EVERYTHING about Danette Sperry, from her artwork to her personality, is refreshingly simple. A self-taught artist, she paints things that she likes.
“I get inspiration from stuff that keeps coming up in my head,” she explains. “Sometimes you get an idea in your head and you want to go with it.”
Sperry and her husband John live in Maysville, Georgia, a small town about an hour outside of Atlanta. The country life helps keep the two stay true to their simplistic lifestyle—Sperry jokes that all she does is create art.
“We have a 1917 farm house we live in,” Sperry says. “Our studio is out back; it’s fifty steps to work. The only traffic is the birds.”
Sperry’s approach to art, as with life, is gentle, making the title of her solo show, “Harmony: The Gentle Soul of Danette Sperry,” incredibly fitting. Her relief paintings range in subject from dogs to birds to the blues musician Muddy Waters and follow the typical folk art style, fitting right in at Roots Up Gallery.
Sperry’s relief technique is more complicated than traditional relief, as she combines layers of paint with hand-etched detail done with a small knife.
The detail in Sperry’s pieces is, at times, unbelievable. In “Dog Walkers,” for instance, the dogs are fully marked up with tick marks, wavy lines, and swirls all over their bodies.

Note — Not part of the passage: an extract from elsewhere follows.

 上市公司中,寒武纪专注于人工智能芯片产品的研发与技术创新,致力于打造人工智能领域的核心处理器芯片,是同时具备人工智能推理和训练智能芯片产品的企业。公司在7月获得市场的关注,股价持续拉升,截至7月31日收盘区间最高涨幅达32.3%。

It’s impossible to overstate how much physical work this is, since some dogs need more than one layer of etching, but Sperry wanted each dog to look unique.
“When you first do this, it’s really thick,” Sperry explains, gesturing to another one of her paintings, “Poppies.”

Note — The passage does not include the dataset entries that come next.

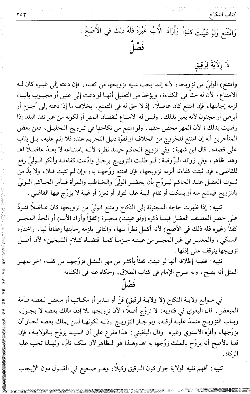 فَصْلٌ فِي مَوَانِعِ وِلَايَةِ النِّكَاحِ (لَا وِلَايَةَ لِرَقِيقٍ) قِنٍّ أَوْ مُدَبَّرٍ أَوْ مُكَاتَبٍ أَوْ مُبَعَّضٍ لِنَقْصِهِ فَأَمَةُ الْمُبَعَّضِ قَالَ الْبَغَوِيّ فِي فَتَاوِيهِ: لَا تُزَوَّجُ أَصْلًا؛ لِأَنَّ تَزْوِيجَهَا بِلَا إذْنِ مَالِكِ بَعْضِهِ لَا يَجُوزُ، وَبَابُ التَّزْوِيجِ مُنْسَدٌّ عَلَيْهِ لِرِقِّهِ، وَلَوْ جَازَ التَّزْوِيجُ بِإِذْنِهِ لِكَوْنِهَا لِمَنْ يَمْلِكُ بَعْضَهُ لَجَازَ أَنْ يُزَوِّجَهَا، وَأَقَرَّهُ الْإِسْنَوِيُّ وَغَيْرُهُ. وَقَالَ الْبُلْقِينِيُّ: هَذَا مُفَرَّعٌ عَلَى أَنَّ السَّيِّدَ يُزَوِّجُ بِالْوِلَايَةِ، فَإِنْ قُلْنَا بِالْأَصَحِّ إنَّهُ يُزَوِّجُ بِالْمِلْكِ زَوَّجَهَا بِهِ. اهـ.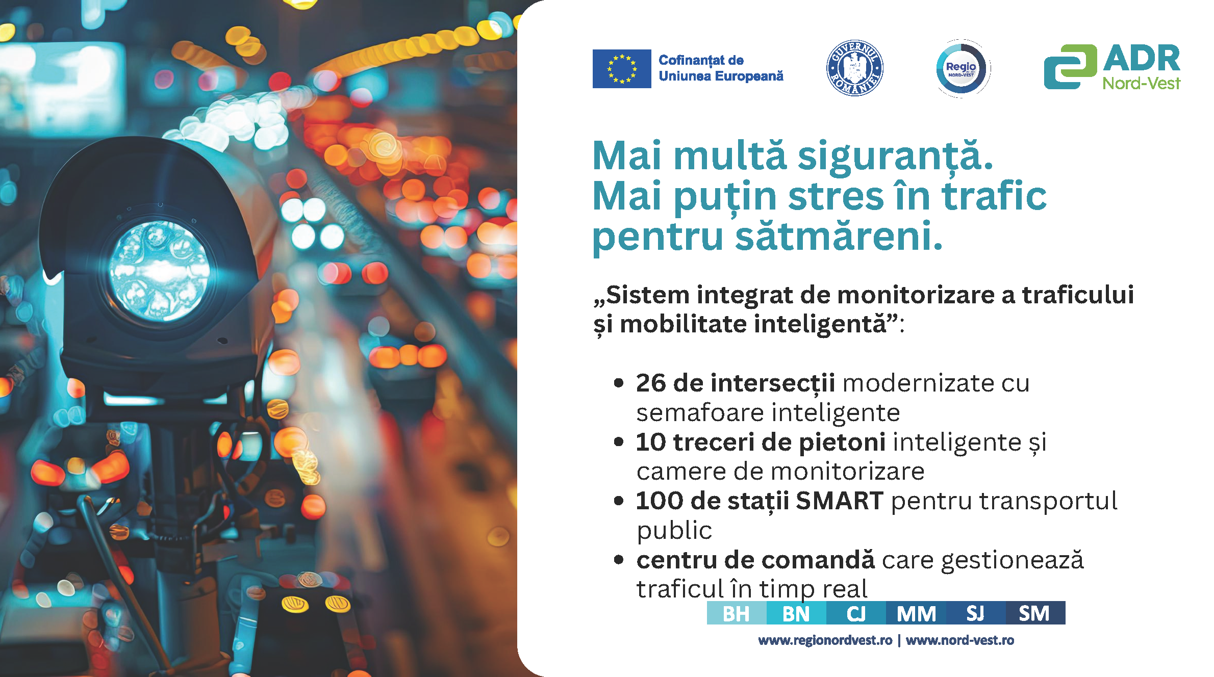 Informații suplimentare referitoare la proiect: https://infosm.ro/i/ProiectSistemIntegratTraficMobilitate; https://regionordvest.ro/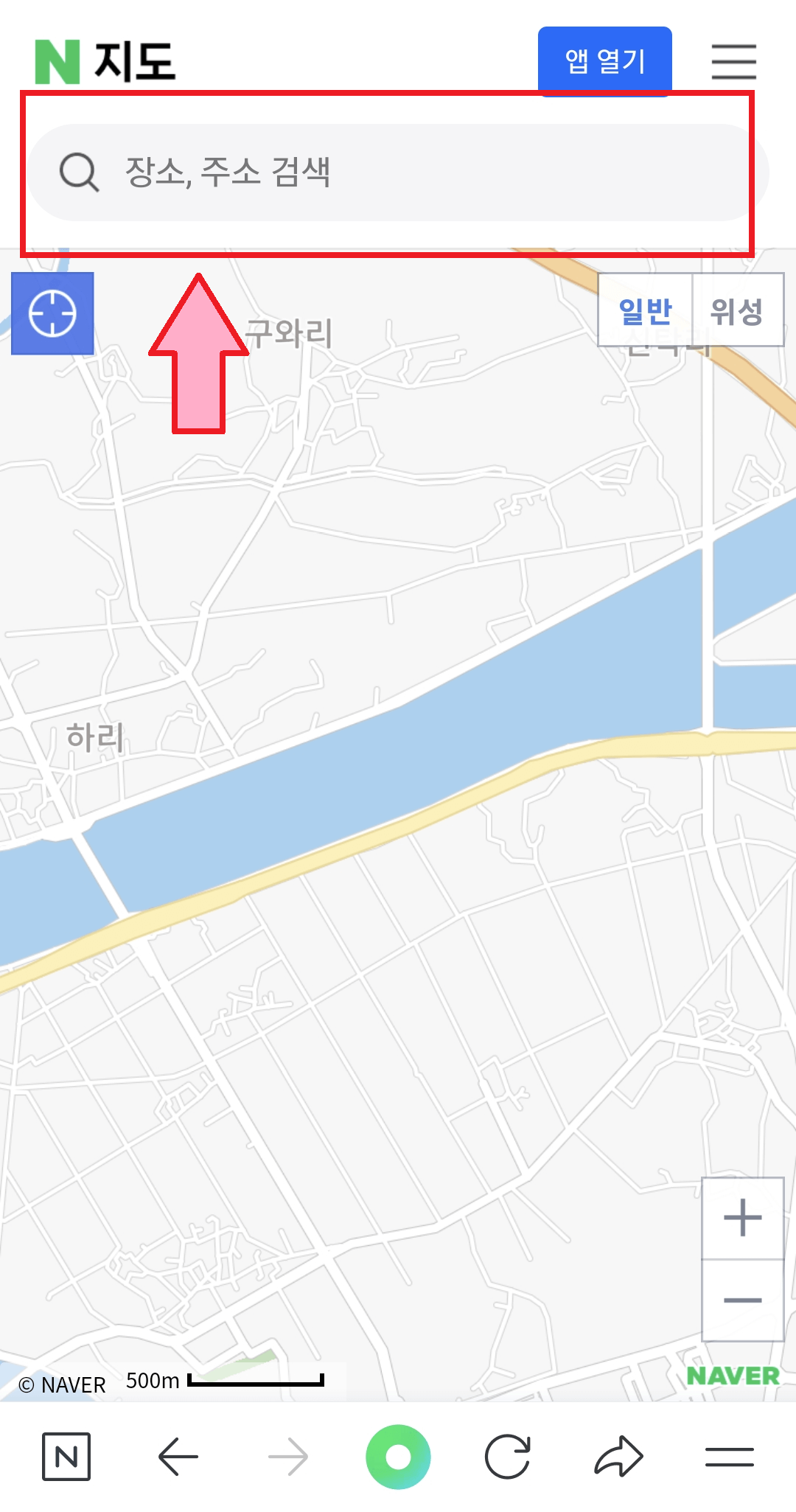1. 먼저 네이버지도를 실행하면 아래와 같은 화면이 나옵니다. 검색창을 클릭하면 오른쪽과 같은 화면이 나옵니다. 여기에서 원하는 항목을 선택합니다.

“All your mediums and stuff you use and paint thickeners, and then when it dries it just comes down.”
Sperry started her style of relief paintings as a way to blend her love of sculpture and painting.

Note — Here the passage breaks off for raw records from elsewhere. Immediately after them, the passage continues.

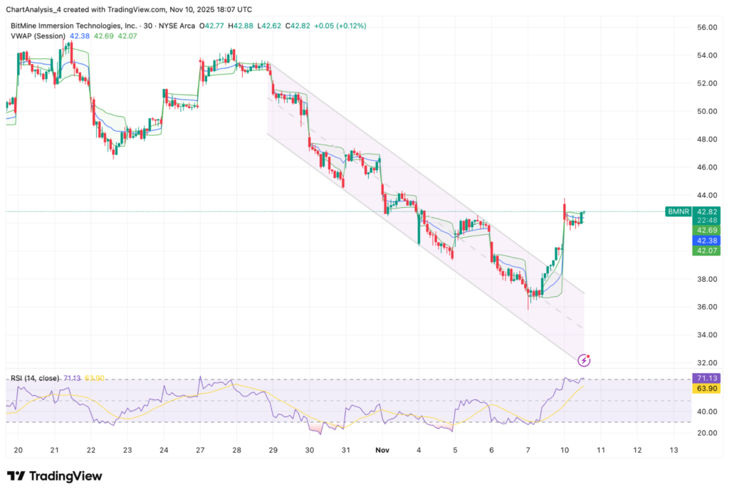 BMNR 가격은 현재 VWAP 바로 위에서 통합되고 있으며, 이는 매수자들이 통제권을 유지할 의사가 있음을 시사한다.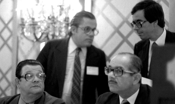 À saída da reunião, o ministro Delfim Netto dirigiu-se casualmente ao presidente do Banco Central, Carlos Langoni, que conversava com o diretor da Área Bancária, Antônio Chagas Meirelles: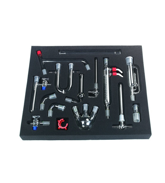 Táto prístrojová súprava obsahuje doplnkové vybavenie pre súpravy 1 + 2 (11900051C, 1190006C) pre špeciálnu prácu. * 1 banka s okrúhlym dnom s trojitým hrdlom, 100ml, * 1 destilačný mostík (éterový mostík), * 1 extrakčné prístroje Soxhlet, * 1 prechodový kus, * 1 spätný chladič Dimroth, * 1 sušiaca rúrka, zahnutá, * 1 potrubné koleno, 90°, * 1 potrubné koleno, 75°, * 1 skúmavka, Supremax, * 1 skúmavka s bočným nástavcom, * 1 vložka premývačky plynu, * 1 U rúrka s 2 bočnými nástavcami, * 1 prstový chladič, * 1 odsávací diel s kohútikom, * 1 zabrúsená úchytka NS 29/32.

“I like the 3D sculpture, but you’re limited on what you can create,” she says.
“When you’re painting, a painting is just a painting. They’re beautiful and all, but I love texture, and that’s how I evolved to where I am.”
As many folk artists do, Sperry uses symbols to convey themes in her work. The painting “Madonna” includes character symbols for faith and hope.
Her husband John is also a folk artist—on a visit to see his work, Roots Up owner Leslie Lovell discovered Danette’s pieces and decided to bring them to Savannah.
Back in Maysville, Sperry also runs a woodworking shop, Primitive Folks, where she creates tables out of centuries-old repurposed wood. She uses the same wood for her frames, attached to the outside of the painting.
“Since it’s primitive art, I wanted something simple to go with it,” Sperry says. “I didn’t want something too fancy because I didn’t want the frame to be the art, I wanted the art to be the art.”
Sperry’s intricate works need to be seen in person to be believed. “Harmony” hangs at Roots Up until July 18.